This figure shows the metamorphosed shapes of topology visualization in SEACOIN. Users can change the center of graph, degree of separation, and depth of information.
The word cloud can be replaced by a combination of n-grams. Searching via strings and phases are also possible within the backend algorithm. However, such searches are NP-hard and may increase the search time significantly.
Interactive metamorphose topology visualization
The visualization representation of the topological graph is generated using the open source visual analytics framework Birdeye Ravis15. The backend engines that drive the updates were developed in house. They include machine learning, text-mining, and topic modeling algorithms, and a specialized non-indexed database. These techniques include a general-purpose optimization-based discriminant analysis modeling framework and computational engine (DAMIP)16–19, which has proven to be a powerful and flexible classification model and solution engine. Its multi-group prediction capability has been demonstrated successfully across a broad spectrum of biological and medical applications20–24. Working together, they generate in real-time multiple levels of hierarchy based on the most important words. These words are updated for every query. The node indicates a word resulting from analyzed abstracts of retrieved literature as shown in Figure 3. The center red node is the root of the search. The blue nodes represent child nodes. The size of the node represents the level in the hierarchy of words; a larger size indicates a higher-level word. Each node has a set of children except the words in the last level. We limit the maximum number of children (5 per node) and depth (4 levels) in our implementation in order to control information overload by filtering options and for ease of navigation within the visualization process.
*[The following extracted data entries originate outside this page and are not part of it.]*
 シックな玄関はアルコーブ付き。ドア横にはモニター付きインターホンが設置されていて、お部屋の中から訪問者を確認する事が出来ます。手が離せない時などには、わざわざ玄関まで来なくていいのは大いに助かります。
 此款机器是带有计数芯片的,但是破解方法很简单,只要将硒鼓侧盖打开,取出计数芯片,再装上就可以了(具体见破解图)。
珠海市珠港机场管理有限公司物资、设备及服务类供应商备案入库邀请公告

Advanced users can select the level of children and depth in their search to tailor to their needs.
Each edge connecting ‘Parent node’ to ‘Child node’ indicates that the associated word of the Child node is one of the top five most common words in abstracts filtered by the words of all ancestral nodes. Thus, the level 0 word is the most common word of all recalled abstracts. The five level 1 words, child nodes of a node at level 0, are the most common words in abstracts filtered by the word of level 0. For example, if users search on ‘asthma’, the most common word of the recalled abstract is ‘asthma.’ Users can see ‘patients’, ‘study’, ‘results’, ‘cells’, and ‘children’ in level 1 as shown in Figure 3 (top left). Each node in level 1 also has five children nodes, which are the most common words of abstracts filtered by ‘its own ancestors’ such as ‘patients’ AND ‘asthma’. As users navigate to the lower level, they are able to retain more detail and specific words. For example, visualization search by keyword ‘asthma’ returns a number of formal/professional biological words such as ‘mRNA,’ a molecule of RNA encoding a chemical “blueprint” for a protein product and ‘COPD,’ Chronic Obstructive Pulmonary Disease in Level 3. Users can retrieve a concise list of literature by selecting the words in the lowest level.
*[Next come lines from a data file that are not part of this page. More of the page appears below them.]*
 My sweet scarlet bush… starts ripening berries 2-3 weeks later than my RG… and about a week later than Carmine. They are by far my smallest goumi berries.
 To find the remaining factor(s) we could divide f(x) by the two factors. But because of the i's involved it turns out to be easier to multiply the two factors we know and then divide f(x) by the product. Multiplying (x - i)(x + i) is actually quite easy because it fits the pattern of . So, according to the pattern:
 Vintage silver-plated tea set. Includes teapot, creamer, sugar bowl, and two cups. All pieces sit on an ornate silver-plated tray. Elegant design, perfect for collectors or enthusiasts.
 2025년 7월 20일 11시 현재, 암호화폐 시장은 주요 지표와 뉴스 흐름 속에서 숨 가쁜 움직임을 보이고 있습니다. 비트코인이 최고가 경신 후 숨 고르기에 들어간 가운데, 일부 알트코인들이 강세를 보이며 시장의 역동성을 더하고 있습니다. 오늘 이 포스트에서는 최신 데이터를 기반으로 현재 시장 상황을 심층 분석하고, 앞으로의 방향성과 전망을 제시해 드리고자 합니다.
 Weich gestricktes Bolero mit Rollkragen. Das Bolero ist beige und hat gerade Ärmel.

The dynamic topology visualization facilitates summarization of numerous returned abstracts, and allows content-driven summary selected by users so as to avoid information overload. Users can control the graph’s degree of separation as shown in Figure 3, and they can increase or decrease the depth of summarization. Also, users can manage the amount of information returned by filtering via a specific word selection. When they select a word in the visualization tree, SEACOIN will return only the literature that contains the word and its parent words. Moreover, users are able to change the center node of visualization and thus they can re-organize the summary based on the essential word they choose, and discard unwanted parts of returned information.
Table of recalled literature
SEACOIN produces the list of recalled literature and presents them in a panel on the right side of the screen. The list is filtered and optimized as users interact with the word cloud and/or topology visualization. The articles are sorted by how deeply they relate to the selected words. When a user selects an article, its details are presented in a pop-up window. Also, users can extend their search to PubMed by clicking on the button that takes users to the article in PubMed.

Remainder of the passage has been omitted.